* TASK OBJECTIVE
Leaving out the pictures, please retype each record exactly.

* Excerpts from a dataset
-=-=-

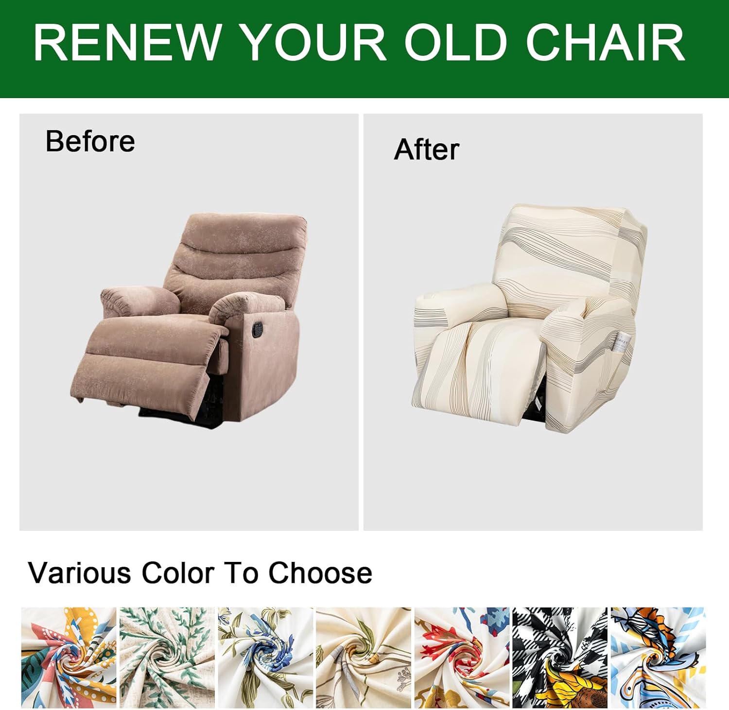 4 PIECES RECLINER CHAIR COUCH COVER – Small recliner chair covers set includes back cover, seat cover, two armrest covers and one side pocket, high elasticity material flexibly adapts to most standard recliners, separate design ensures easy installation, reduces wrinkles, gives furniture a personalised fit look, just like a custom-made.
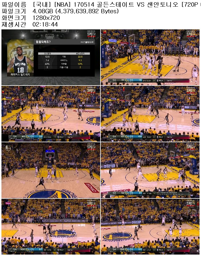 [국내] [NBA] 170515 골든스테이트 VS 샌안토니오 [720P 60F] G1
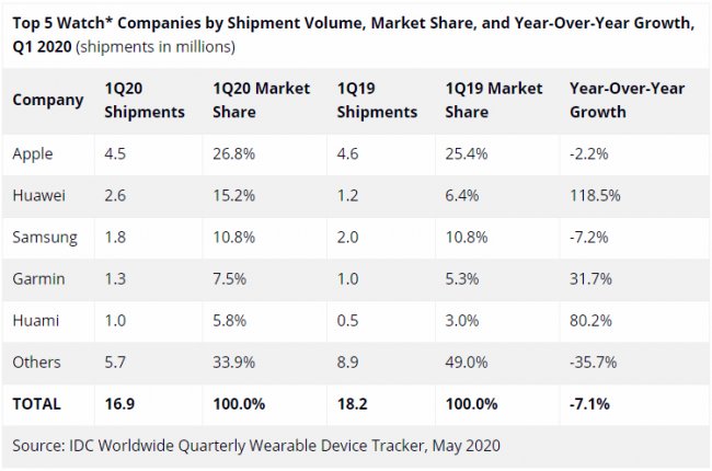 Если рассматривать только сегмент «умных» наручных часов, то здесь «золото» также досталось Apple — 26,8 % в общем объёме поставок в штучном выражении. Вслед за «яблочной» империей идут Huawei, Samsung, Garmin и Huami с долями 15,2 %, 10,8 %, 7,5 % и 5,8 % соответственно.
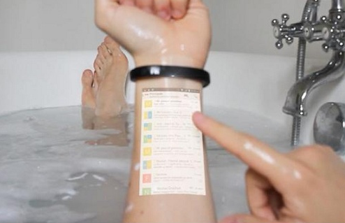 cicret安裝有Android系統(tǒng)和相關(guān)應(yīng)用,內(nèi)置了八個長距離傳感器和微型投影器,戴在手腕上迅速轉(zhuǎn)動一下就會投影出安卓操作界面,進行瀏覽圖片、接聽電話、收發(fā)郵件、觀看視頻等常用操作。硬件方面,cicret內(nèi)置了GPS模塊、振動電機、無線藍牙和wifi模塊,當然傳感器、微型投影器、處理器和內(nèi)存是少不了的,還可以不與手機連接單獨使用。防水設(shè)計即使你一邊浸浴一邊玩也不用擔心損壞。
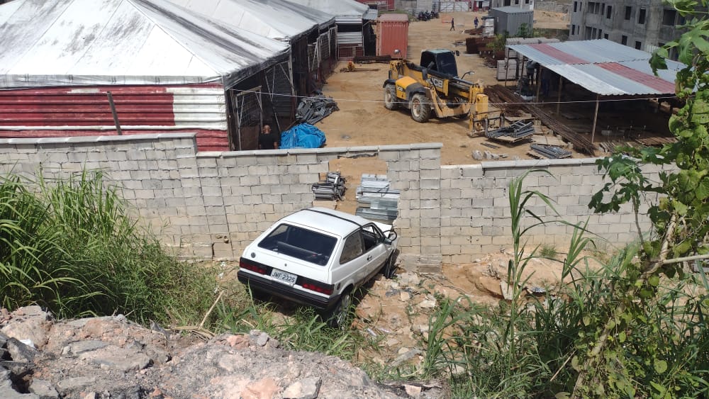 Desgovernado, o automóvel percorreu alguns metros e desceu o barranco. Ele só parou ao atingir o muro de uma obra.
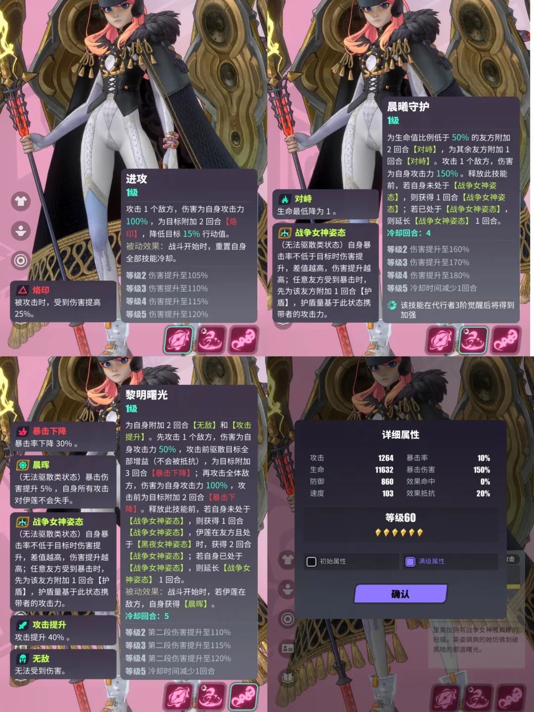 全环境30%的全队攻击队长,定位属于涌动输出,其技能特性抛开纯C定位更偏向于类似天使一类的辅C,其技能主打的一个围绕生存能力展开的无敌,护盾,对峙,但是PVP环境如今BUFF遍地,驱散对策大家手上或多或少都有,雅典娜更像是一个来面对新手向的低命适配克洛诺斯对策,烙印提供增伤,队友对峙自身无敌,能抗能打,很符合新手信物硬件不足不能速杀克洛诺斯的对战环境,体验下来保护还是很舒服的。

-=-=-

* RESPONSE TO THIS TASK
 4 PIECES RECLINER CHAIR COUCH COVER – Small recliner chair covers set includes back cover, seat cover, two armrest covers and one side pocket, high elasticity material flexibly adapts to most standard recliners, separate design ensures easy installation, reduces wrinkles, gives furniture a personalised fit look, just like a custom-made.
 [국내] [NBA] 170515 골든스테이트 VS 샌안토니오 [720P 60F] G1
 Если рассматривать только сегмент «умных» наручных часов, то здесь «золото» также досталось Apple — 26,8 % в общем объёме поставок в штучном выражении. Вслед за «яблочной» империей идут Huawei, Samsung, Garmin и Huami с долями 15,2 %, 10,8 %, 7,5 % и 5,8 % соответственно.
 cicret安裝有Android系統(tǒng)和相關(guān)應(yīng)用,內(nèi)置了八個長距離傳感器和微型投影器,戴在手腕上迅速轉(zhuǎn)動一下就會投影出安卓操作界面,進行瀏覽圖片、接聽電話、收發(fā)郵件、觀看視頻等常用操作。硬件方面,cicret內(nèi)置了GPS模塊、振動電機、無線藍牙和wifi模塊,當然傳感器、微型投影器、處理器和內(nèi)存是少不了的,還可以不與手機連接單獨使用。防水設(shè)計即使你一邊浸浴一邊玩也不用擔心損壞。
 Desgovernado, o automóvel percorreu alguns metros e desceu o barranco. Ele só parou ao atingir o muro de uma obra.
 全环境30%的全队攻击队长,定位属于涌动输出,其技能特性抛开纯C定位更偏向于类似天使一类的辅C,其技能主打的一个围绕生存能力展开的无敌,护盾,对峙,但是PVP环境如今BUFF遍地,驱散对策大家手上或多或少都有,雅典娜更像是一个来面对新手向的低命适配克洛诺斯对策,烙印提供增伤,队友对峙自身无敌,能抗能打,很符合新手信物硬件不足不能速杀克洛诺斯的对战环境,体验下来保护还是很舒服的。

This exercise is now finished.